Figure 6. Testing one writer and four readers on a Quad-CPU PC, Intel Q6700, 2.66 GHz, Hyper-Threading disabled, 64-bit Windows Vista Home Premium SP1, compiled in VC++ 2008 Express. Duration per operation in microseconds and the coefficient of variation, %.
Without locking
reader: t=0.106 (s=1.45%)
writer: t=1.416 (s=0.79%)
Critical section CSRW lock
reader: t1=19.337 (s1=48.99%) t2=1.322 (s2=5.65%)
writer: t1=2.018 (s1=3.17%) t2=2.194 (s2=4.71%)
Windows Vista SRWLOCK lock
reader: t1=0.991 (s1=11.77%) t2=0.881 (s2=8.2%)
writer: t1=186.171 (s1=25.17%) t2=5.204 (s2=1.31%)
RWFavorNeither lock
reader: t1=1.274 (s1=6.59%) t2=1.381 (s2=3.07%)
writer: t1=72.13 (s1=5.31%) t2=6.981 (s2=1.64%)
RWLockFavorWriters lock
reader: t1=6.311 (s1=4.83%) t2=5.511 (s2=3.48%)
writer: t1=21.948 (s1=4.34%) t2=21.127 (s2=5.06%)
Jim_B_Robert_Wiener_RWLock
reader: t1=61.688 (s1=1.03%) t2=59.166 (s2=0.59%)
writer: t1=84.911 (s1=9.15%) t2=85.005 (s2=9.6%)
Ruediger_Asche_RWLock
reader: t1=1.755 (s1=11.69%) t2=1.803 (s2=7.95%)
writer: t1=2107697.58 (s1=108.77%) t2=10.607 (s2=5.17%)

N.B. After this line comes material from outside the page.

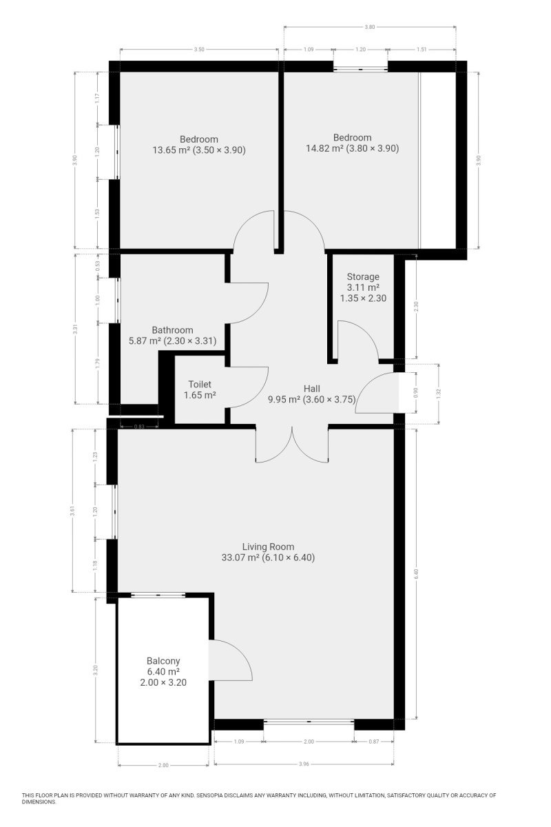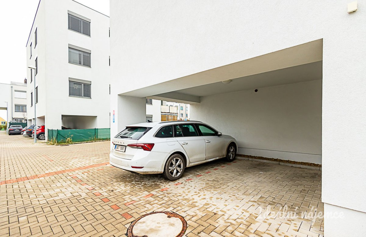 Byt je nabízen nezařízený, což dává možnost uzpůsobit si interiér podle vlastního vkusu. Kuchyně je vybavena lednicí s mrazákem, elektrickou troubou, indukční varnou deskou, digestoří, úložným prostorem a praktickou pracovní plochou s barovým posezením. Obývací část disponuje rozměrným a světlým prostorem, který lze vybavit jak sedací soupravou, tak i například jídelním koutem. K dispozici jsou dva samostatné pokoje, které mohou sloužit jako ložnice, dětský pokoj či pracovna. Jeden z pokojů je zařízen praktickou vestavěnou skříní. Koupelna disponuje sprchovým koutem i vanou, umyvadlem, toaleta je umístěna samostatně.

The decision on which reader/writer lock is better to employ depends on the hardware and software architecture and a particular application scenario. However, the test results show that a likely candidate might be the “RWLockFavorWriters
” object. The cost of locks is relatively low (1.6 - 6.3 and 22 - 29 microseconds for reader/writer, respectively). Unlike the others, the “RWLockFavorWriters
” object performs consistently on different hardware/software platforms and test scenarios. If a writer competes with two readers (in place of four readers in Figure 1 and Figure 6), the readers and the writer perform ~30-60 % faster on both Uniprocessor and Quad-core PCs. The coefficient of variation stays relatively low (the same improving performance of the “RWFavorNeither
” object will lead to increasing the coefficient of variation up to 60-70%). On the other hand, depending on the number of concurrent reader threads, the kernel CPU loading can be high ~10-40%; a large number of thread context switching per second ~150000-200000 can cause additional overheads. As against to custom locks, the new user-space Windows slim lock performs very well, loading kernel CPU ~0%, and generating a small number of thread context switching per second ~10-1000. The SRWLOCK
object seems to be the best reader/writer lock to employ, if the writer performance is acceptable, and solution scalability is considered with respect to the increasing number of reader threads; as the number of reader threads increases, high contention on the lock may have a negative impact on the SRWLOCK
writer performance.
Conclusion
- It might be a disadvantage to use the Windows API critical section lock
CSRW
as a reader/writer lock in scenarios with multiple readers and under the condition when high contention on the lock occurs. - Windows Vista
SRWLOCK
seems to be the best object to employ, if potential regression of the writer performance along with increasing number of readers is acceptable. - The “
RWLockFavorWriters
” lock object is a high-performance, robust implementation of a reader/writer lock object in a wide range of application scenarios, performing consistently on both Uniprocessor and Multi-core platforms, and giving reasonable parity of reader/writer performance.